In the last round of profiling data collected by @danielsilverstone-ct, we could see that UI rendering is taking up a significant proportion of the CPU time in BuildStream's main process.

Further investigation has shown that the UI rendering is a performance bottleneck. This is particularly obvious when IO is slow and writing to the screen is expensive, with @BenjaminSchubert observing on his system (using BuildStream in docker through bash.exe on a Windows machine) that 40% of the time is spent writing to the screen, with the main process running at 100% of a cpu. Having the UI and the scheduler run is separate processes would remove this bottleneck.

One possible approach is to have the UI remain in the main process, with the scheduling process running as a subprocess. The scheduling process will be managed and abstracted by the Stream, without being known to the front-end. As part of this work, message handling will be refactored so that all state required by the front-end will be passed explicitly with each Message object, where the front-end currently relies on some global state. All signals and user input will be handled by the front-end, which will tell the stream what the appropriate actions are.

The details of how interactive shells will work have not yet been ironed out, though various approaches have been discussed on the list. This will need some experimentation.

This was discussed in this ML thread. Whilst there are still details to iron out, we're at a point where it makes sense to put together a proof of concept to verify that the proposed approach will work and that we can actually achieve some performance improvements.

Task description

Current task proposal is below. Please note that points 1-4 exist in various states in the branch phil/ui-split-refactor - this branch contains the PoC and our plan is to try to merge the below points as small, digestable MRs into master, and re-base our branch as we go.

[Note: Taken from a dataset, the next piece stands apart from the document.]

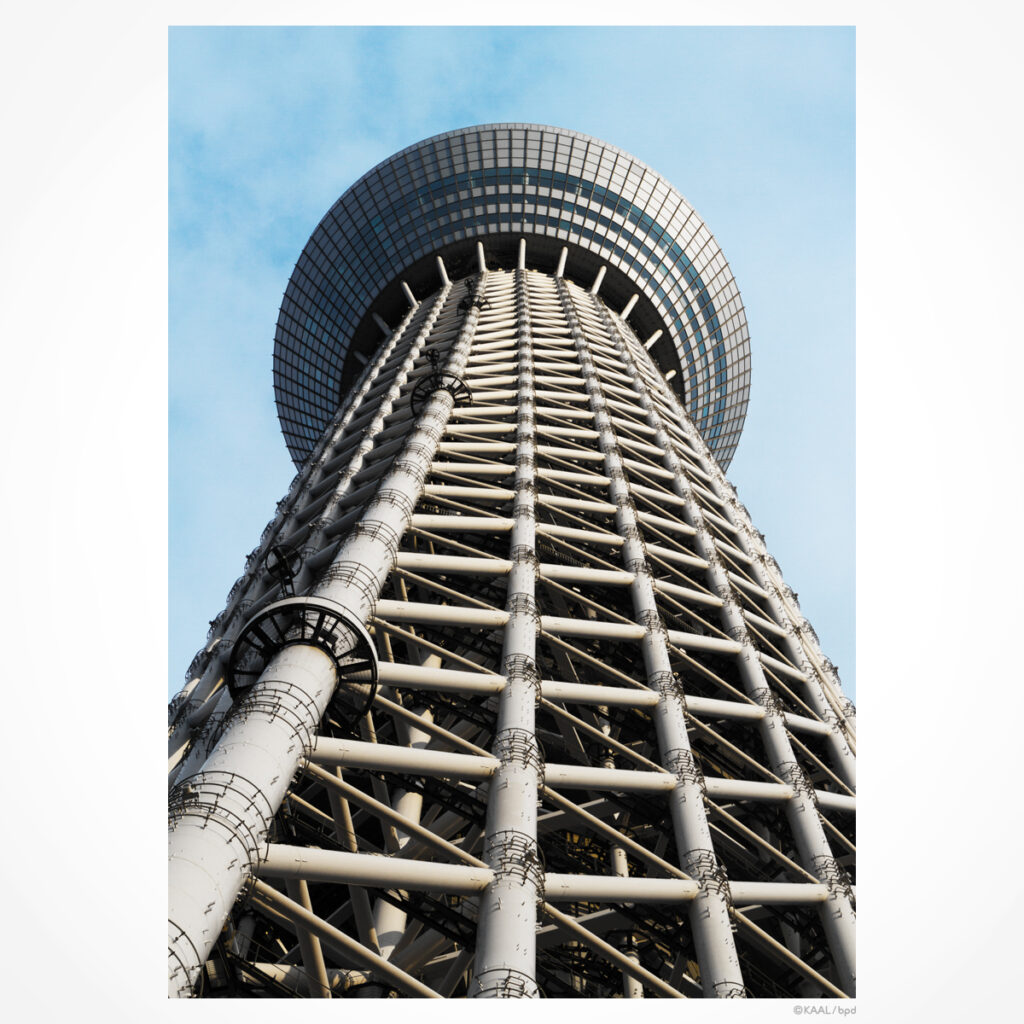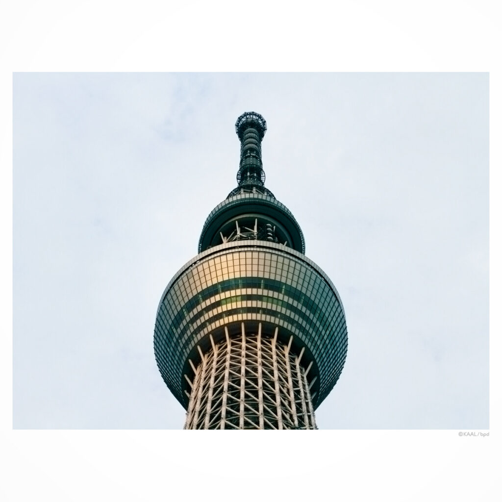 スカイツリーは柱が3本脚の設計※なので、遠くから見るときれいなシンメトリー(左右対称)にならず傾いているように見える。

  • Rework LoadError exception to bring arg ordering inline with the rest of exception classes. The subclassing of exceptions brings issues under pickle especially when a given positional arg is named message, amongst other issues. Instead of hacking around to make this work a single MR should be completed to align the ordering throughout the codebase. Some info around this is here and the work is captured in !1489 (merged)

  • MR to add the changes for the message/job construction. This MR will include changes to the message class itself and how they are generated. For instance an elementjob will use it's element_full_name as the unique_id to avoid a full Plugin table lookup in the main process just to gather the same string (this isn't just wasteful, it's also not going to work with concurrency of the given state). It should also make the messages more 'correct', in the sense that the data is encoded when the message is generated instead of later in the process. This lives at !1500 (merged)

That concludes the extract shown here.